Die Sondervorstellung der „echten“ Artisten begeisterte. Seiltänzer, Trapezakrobaten, „Vertikaltuchartisten“, Jongleure, „Gummimenschen“ , Pferdeakrobaten und Reifenvirtuosen zeigten ihr Können. Der Backnanger Landtagsabgeordnete Gernot Gruber durfte sich in der Manege in die Kunst der Stuhlakrobatik einweisen lassen. Sehr zum Ergötzen des Backnanger Oberbürgermeister Nopper.

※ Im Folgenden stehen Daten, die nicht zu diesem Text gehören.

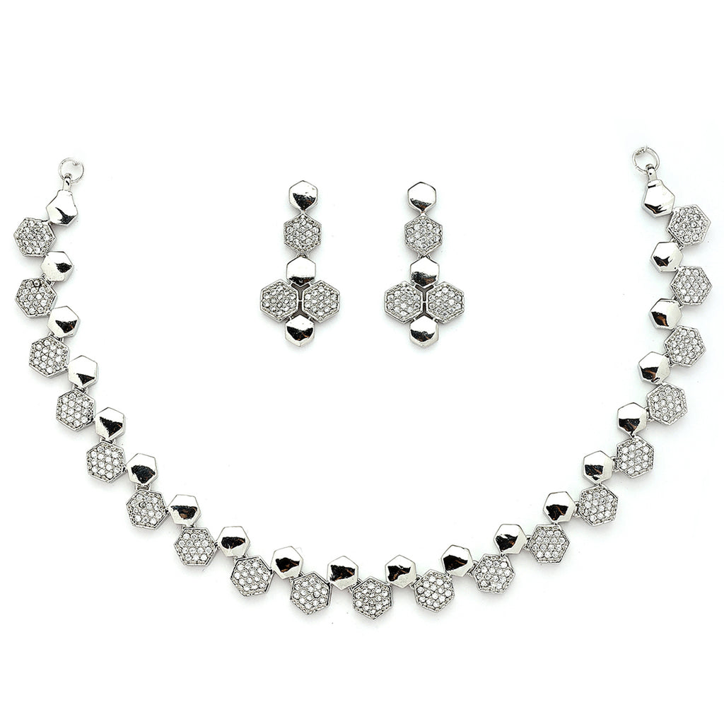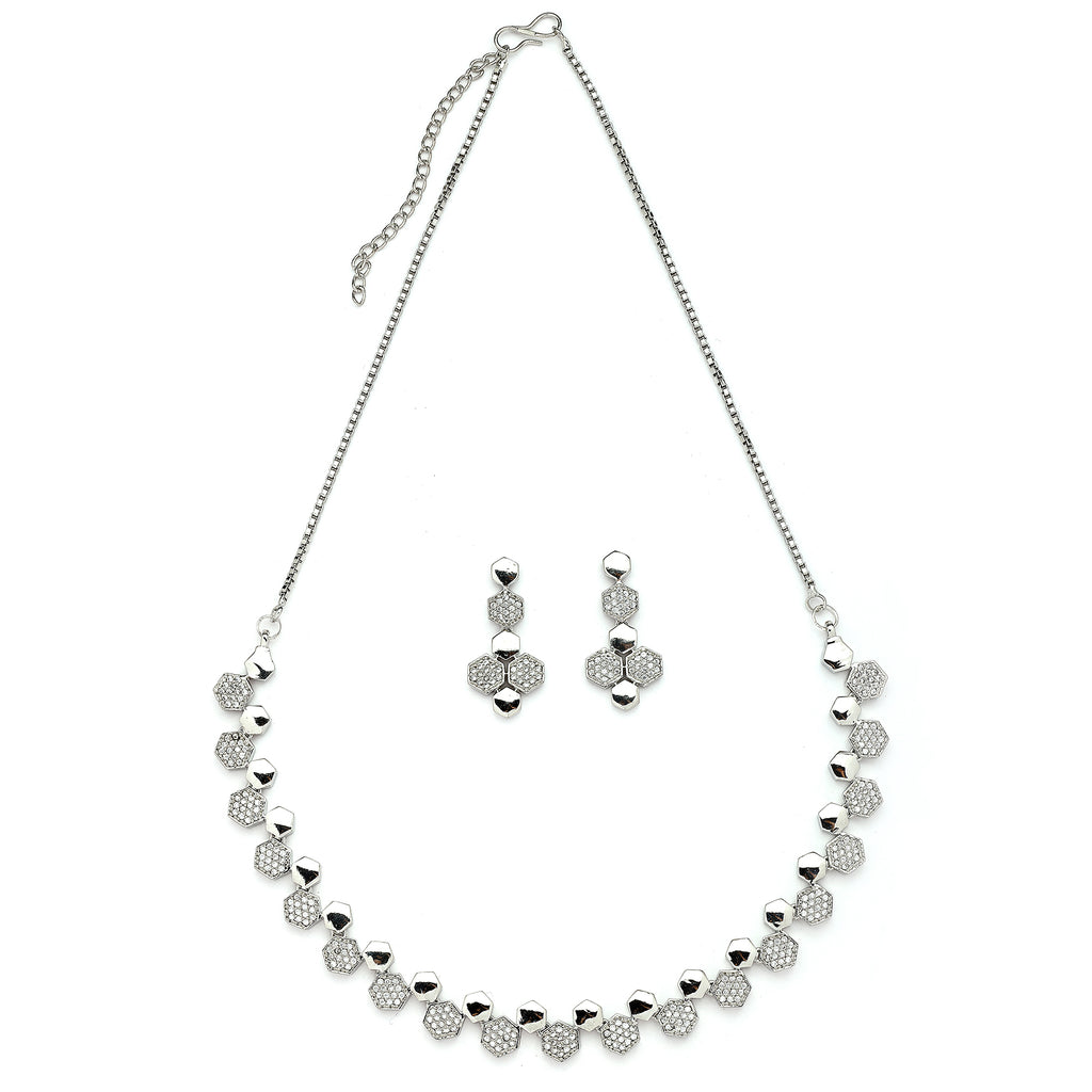 Elegant Design: This rhodium-plated necklace set boasts a sophisticated contemporary design, exuding timeless elegance.
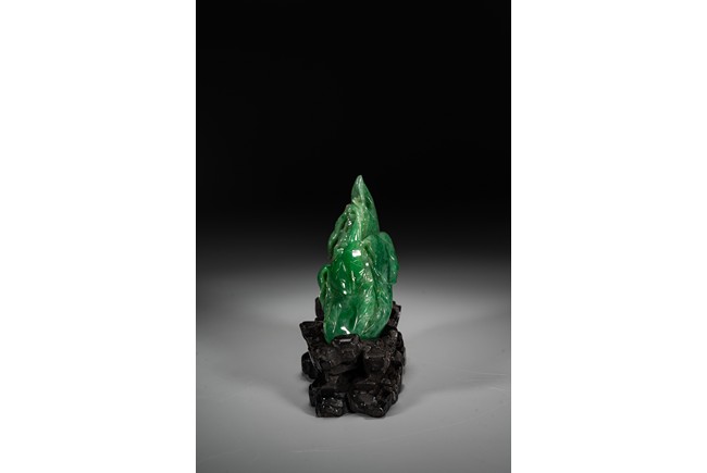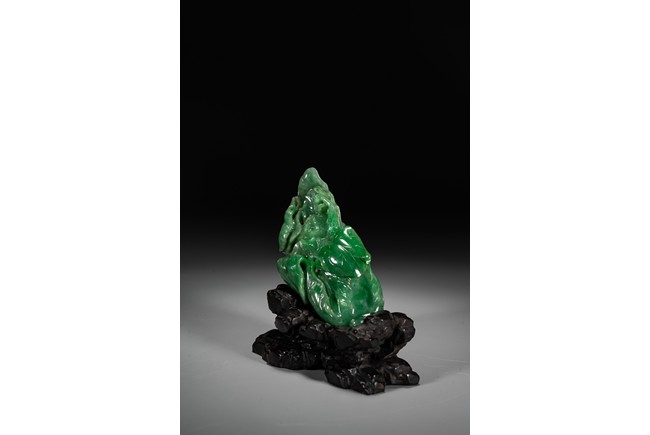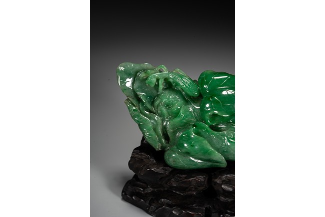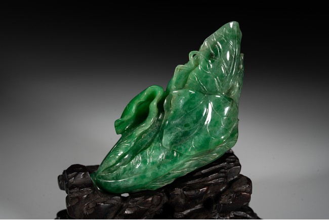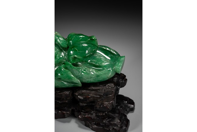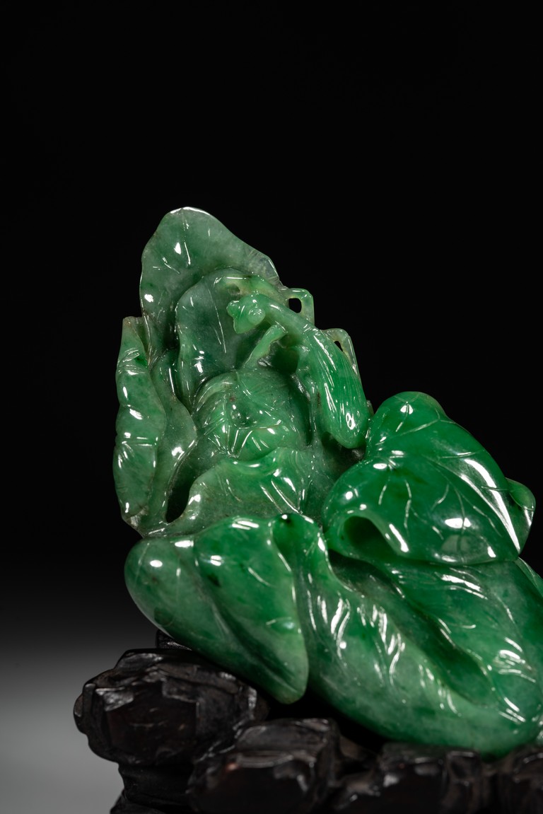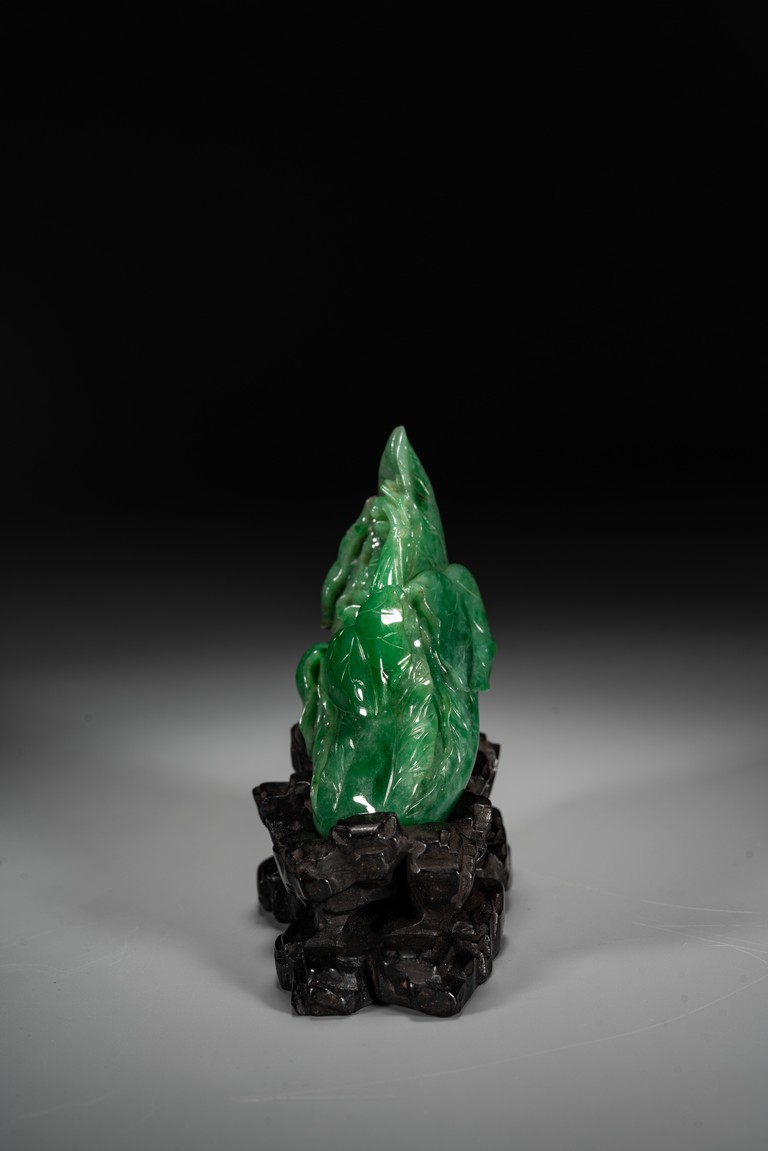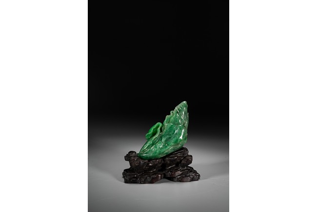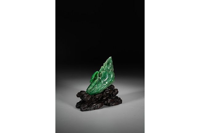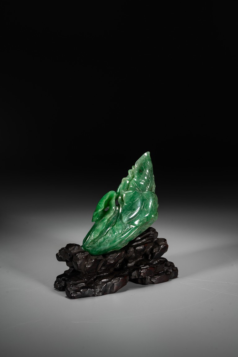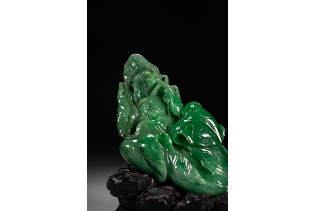 本件器物用上等翡翠圓雕而成,通體碧綠,青翠欲滴,水頭充足,色澤通透,種水俱佳。白菜根須繁密,穿插扭轉,葉片層層包裹,數片菜葉伸展自然,次序分明,錯落有致,有如自然生髮而成。葉片上精細入微地挖出凹凸不平的紋理,葉脈與肌理的處理一絲不茍,飄逸婉轉的菜葉部份,頗有偃仰顧盼之態。在白菜葉子上趴伏螳螂,增添了不少靈動之氣。清代講究工必有意、意必吉祥。 “白菜”的諧音為“百財”,又可稱為“橫財(菜) 就手”,寓意一切意外之財皆唾手可得。螳螂,寓意活力四射、興旺發達,有“家和萬事興”之意。配碎石紋木座。來源:紐約重要私人收藏 Provenance: Property from an important private collection, New York
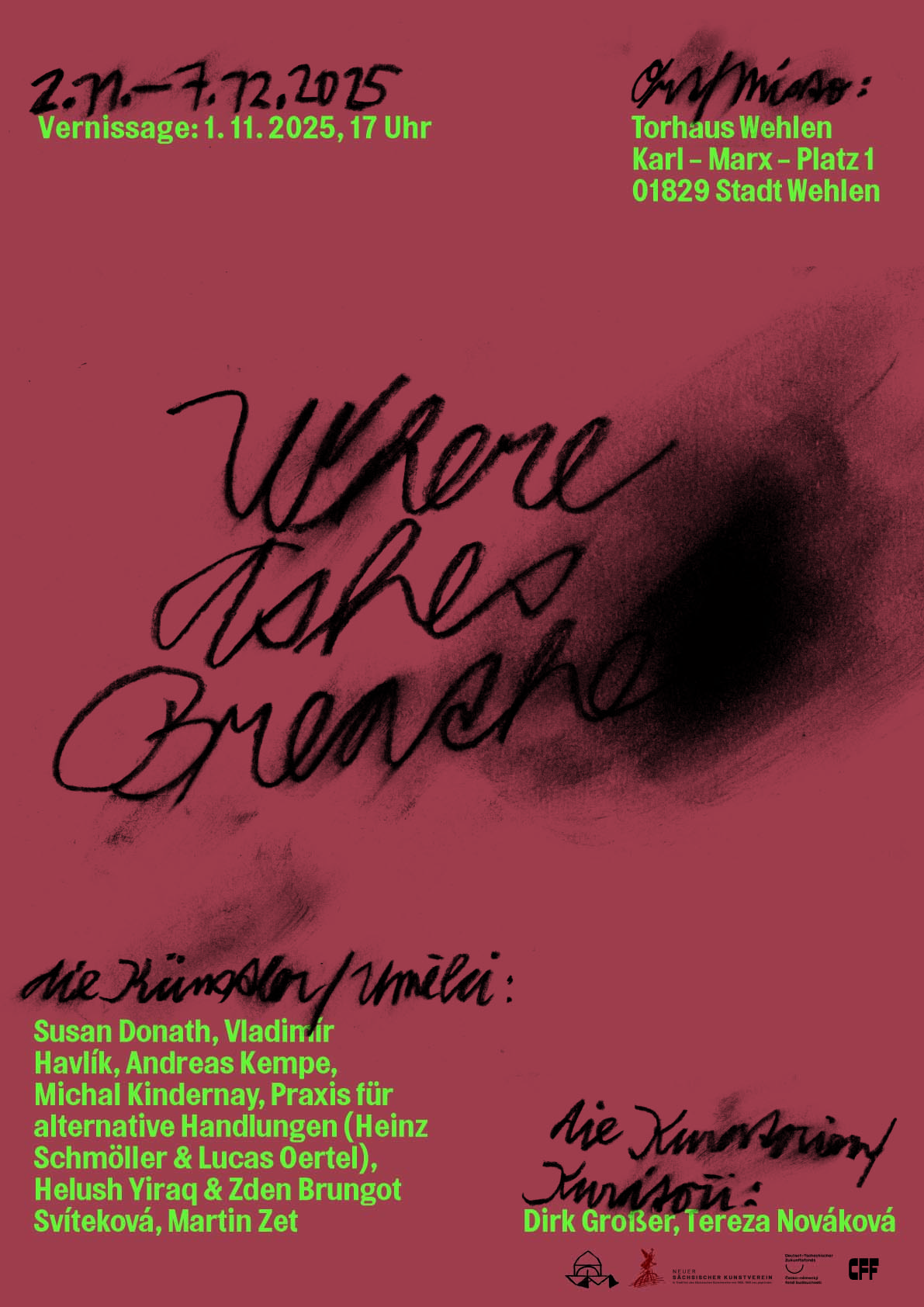 2022 ereignete sich der größte Waldbrand in der Geschichte Tschechiens. Die Künster der Ausstellung untersuchen in ihren Werken das Verhältnis von Mensch und Natur und nehmen Bezug auf die Naturkatastrophe. Wie zeigt sich die Zerstörung, wie regeneriert sich die Natur und welche Impulse des Neuerwachens zeigen sich auf dem Gebiet, wo verkohlte Baumstämme immer noch an die Katastrophe erinnern? Wie kann Kunst unsere Wahrnehmung solcher Ereignisse im Hinblick auf eine gestaltbare Zukunft prägen?

Es war wie bei einer richtigen Familienfeier. Die kleinen Kinder übten und vergnügten sich –oft unter den wohlwollenden Blicken von Oma und Opa- beim Mitmach-Zirkus im „richtigen“ Zirkuszelt, die großen Kinder tauschten Erinnerungen aus, begrüßten neue Familienmitglieder und übten sich in der Kunst des Politisierens. Es gab Rote zum Essen und zum Anfassen. Und es gab viel zu bereden.
Und dass wenigstens für einen Tag auf der Spitze des Zirkuszeltes weit sichtbar die SPD-Fahne wehte, war Gesprächsanlass genug. Die Zirkusluft an diesem Tag war rot.